The first emissions controls implemented in the mid 1960s consisted of engine modifications and add on pollution control devices. These pollution control systems moderately lowered emissions, but they also caused a reduction in engine performance and increased fuel consumption.
In 1972 the federal government initiated a standardized test procedure for measuring vehicle compliance with federal emissions standards. This test incorporates a chassis dynamometer to provide a consistent and accurate way to measure the amount of HC, NOx , CO, and CO2 that a vehicle produces. This Federal Test Procedure (FTP) applies to both Light-Duty Vehicles (LDV) and Light-Duty Trucks (LDT). Over the years it has been tailored to the support the amended federal emissions requirements.
The FTP is designed to simulate typical driving conditions in urban areas. This FTP certification is a requirement of all pre-production vehicles that are to be sold in the U.S. Being compliant includes being able to pass the FTP throughout the vehicle's useful life. Because of this, the FTP is also used on in-use vehicles.
In 1975, catalytic converters were introduced to help lower the emissions of HC and CO. Catalytic converter efficiency of this era was poor and required cumbersome air management systems.

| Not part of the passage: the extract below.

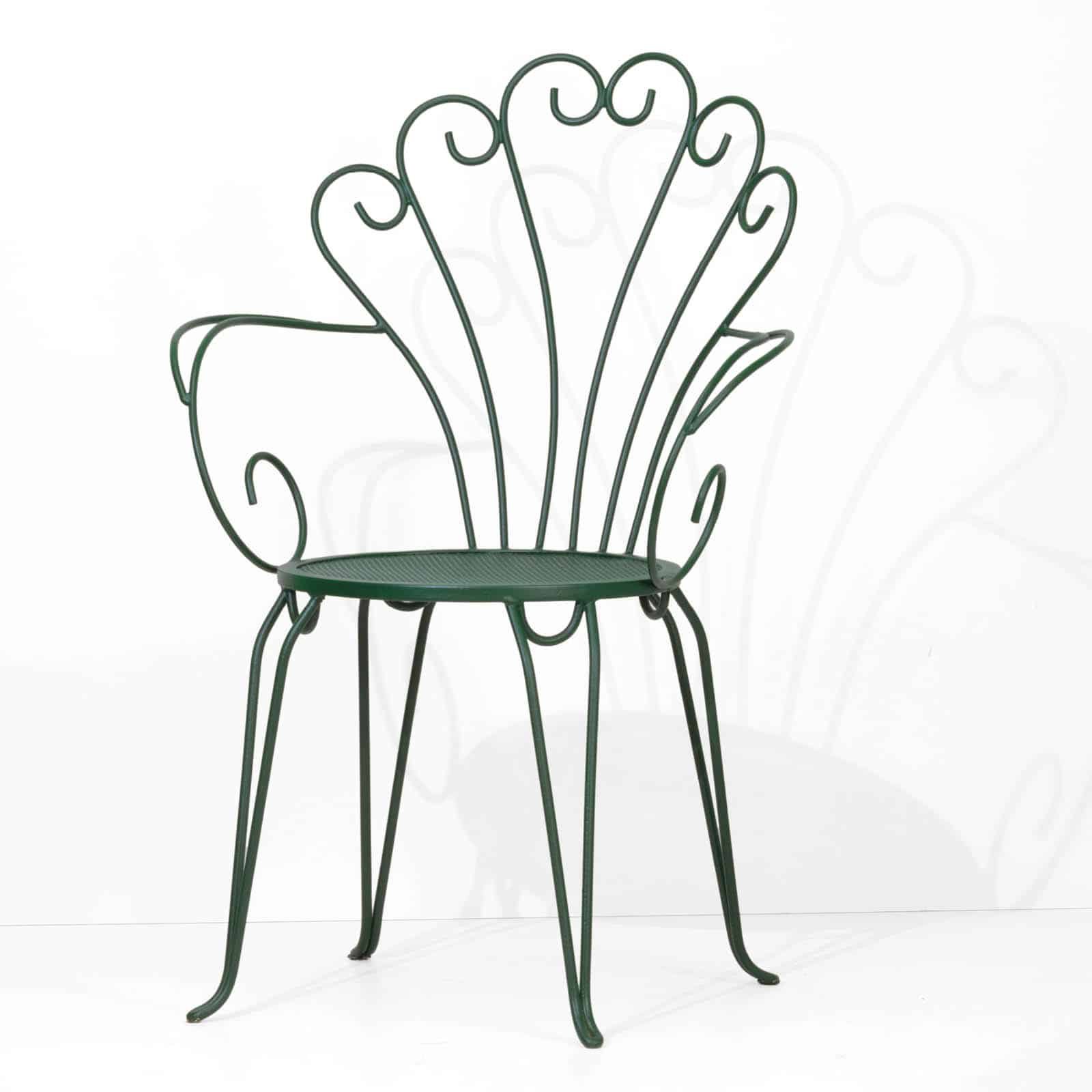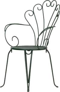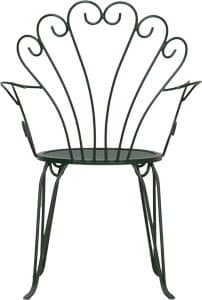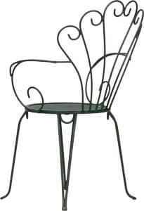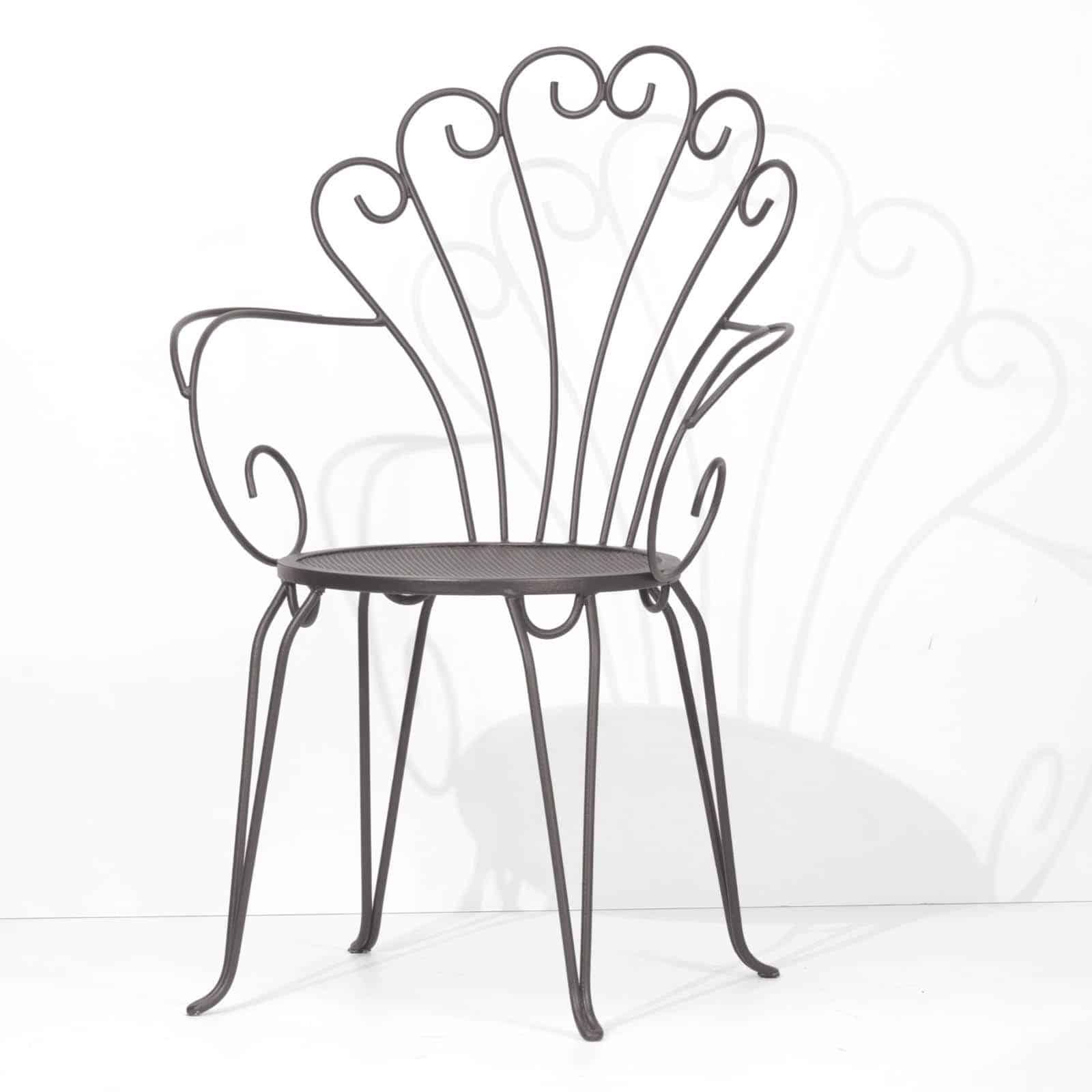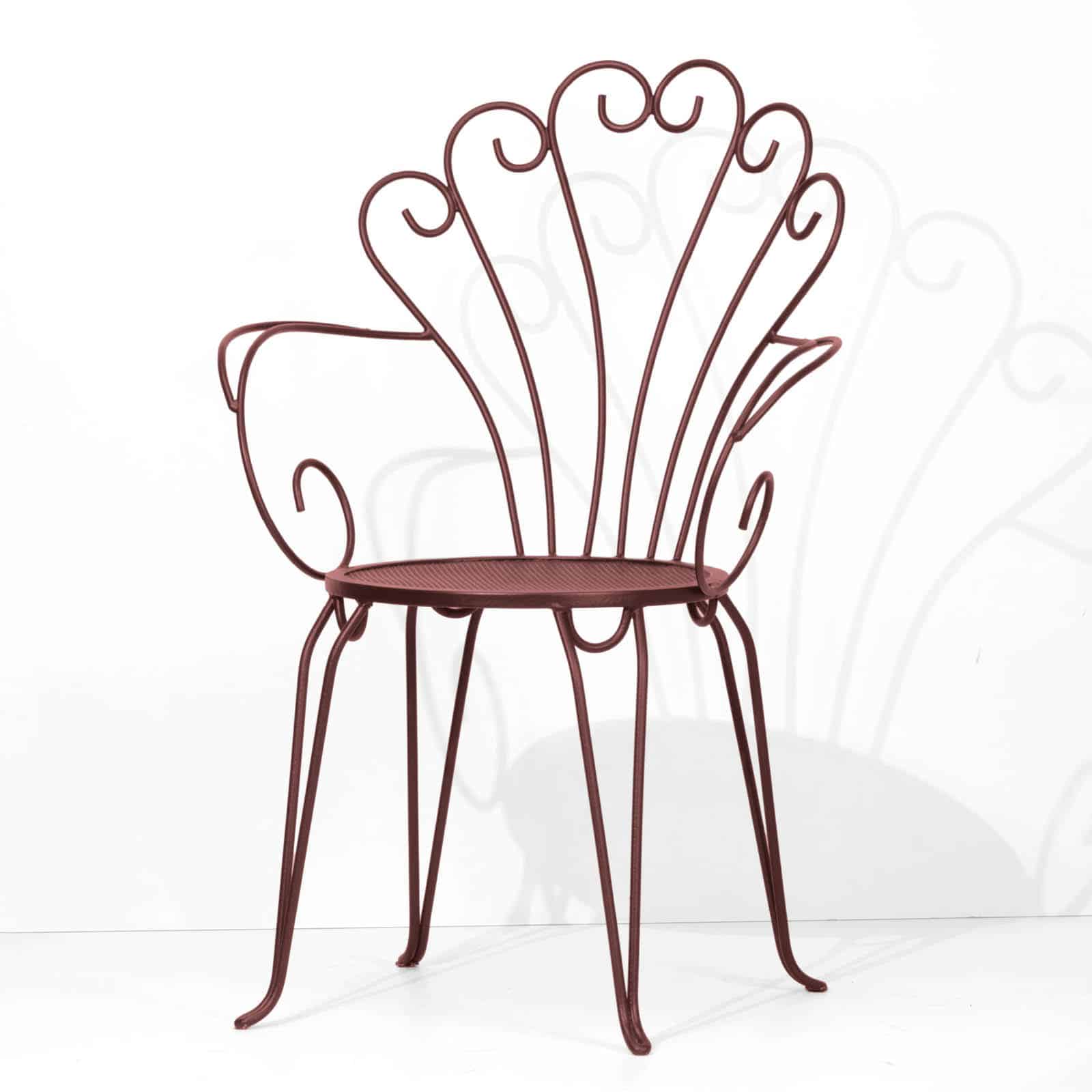 La sedia Edera, realizzata con tondini di metallo curvati di alta qualità, offre una struttura unica e raffinata, adatta sia per giardini che per bar e ristoranti.

By cleaning-up the exhaust (post-combustion) instead of reducing engine emissions (pre-combustion), auto manufacturers were able to address the Federal Government's concerns regarding pollution contributed by automobiles, however this did nothing for fuel efficiency.
The Federal Government's emissions standards combined with the price and availability of fuel at the time created a demand for the auto manufacturers to produce vehicles that were more fuel efficient and had lower emissions. At the time, the easiest way to reduce both fuel consumption and vehicle emissions was to lower the engine displacement and lean the air/fuel ratio out. Though emissions were lowered, the smaller, leaner engines created additional hurdles including a lack of performance.
One hurdle caused by the smaller engines pulling heavy vehicle weights was compounded by the leaner air fuel mixtures, which resulted in increased cylinder temperatures. These increased cylinder temperatures caused a dramatic rise in the production of oxides of nitrogen (NOX ).
The air that enters the combustion chamber consists of approximately 20.8 percent oxygen, 78 percent nitrogen and 1.2 percent mixed gases. As the air/fuel mixture enters the combustion chamber and ignition occurs, the nitrogen forms various compounds with the oxygen. These compounds have varying amounts of oxygen and are know as NOX -oxides of nitrogen.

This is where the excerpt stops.